Would you need to actually have used the metaphor of Cafe, or would you only to have designed in the principles that we understand about it? In other words, was there something about showing up to a literal Cafe?

The principles that we’re now talking about were actually in the process long before they actually showed up and saw a visual Cafe in front of them.

The Cafe metaphor contains the dialogue principles.

Maybe that not the Cafe metaphor alone evokes the operating principles of dialogue, but that it is the Cafe metaphor combined with some set of something else – like the weaving of the red thread, a process design issue.

So the red thread, or the questions that travel well, and the context that holds the question, is what takes the world Cafe from being a place of small talk to a place of dialogue.

The intention that you have when you enter is of importance. The intention held while entering is responsible for whatever outcome will be at the dialogue.

From an outside point of view, we could even think of the Cafe as a kind of black box. And then entering with the intention. And then the black box, we don’t know what goes on, but some people describe it as dialogue. And then out of that black box comes, social invention, lines of action, commitment to action, community, connections, intellectual capital.

Lengthy speeches of concepts and methods and principles and all that, doesn’t go with a cafe. But the telling of a story or listening to a piece of music, someone entertaining with juggling – that could be part of a cafe.

I would suspect that the storytelling or a piece of music, well chosen, or a poem, would be a better way of starting such a dialogue than the features about why we are here and what we want to achieve.

Principles at work recognised

  • Small groups enabling a lot of participation.
  • Dividing the dialogue into several smaller dialogues doesn’t divide the whole community into small communities.
  • The expectation that all of the dialogues going on simultaneously were going to be part of the whole, or were already part of the whole.
  • We never had report backs.
  • They don’t all need to sit together all the time if there’s been enough cross pollination.

That is what makes The World Cafe possible. Because we will never have everybody in the same room.

Ensure, invite, catalyse, design for cross pollination between conversations on the assumption that any part of the whole of the conversation will reproduce the essence of the whole in the next conversation.

That would also give meaning to the understanding that what is going on right here is of importance, because just one single word added here could change the whole understanding over there.

There was something great about the coming back and discovering what had happened to what you started.

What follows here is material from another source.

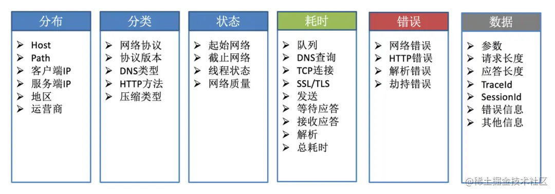 APM 系统为了能够实现帮助企业确保自身的 IT 支撑系统高效地运行,它需要建立一个强大的 IT 运维管理体系,用来时刻监控 IT 环境各组件的性能和质量,并且通过多维度实时分析监控指标的异常,快速定位并解决线上应用的问题。其中,网络环境质量是线上服务最基本的性能指标之一,网络耗时,网络请求错误率等指标极大地影响着线上应用的服务质量,APM 系统应系统地建立起网络性能的监控。

I think its possible to modify while the dialogue is taking place. Not to control, but to modify and to facilitate, to subject new threads of focus. If the modification is timely, if the modification travels, then it’s well timed and framed. If it travels well, you know you’ve made a difference.

It made a big difference in a certain way to this group, the fact that they were all in the same room, the feeling of community was important.

The principle here is not so much that the learning would have taken place because it already has taken place. But that by noticing the learning, the next emergence in terms of order or possibility is made more articulate, more actionable.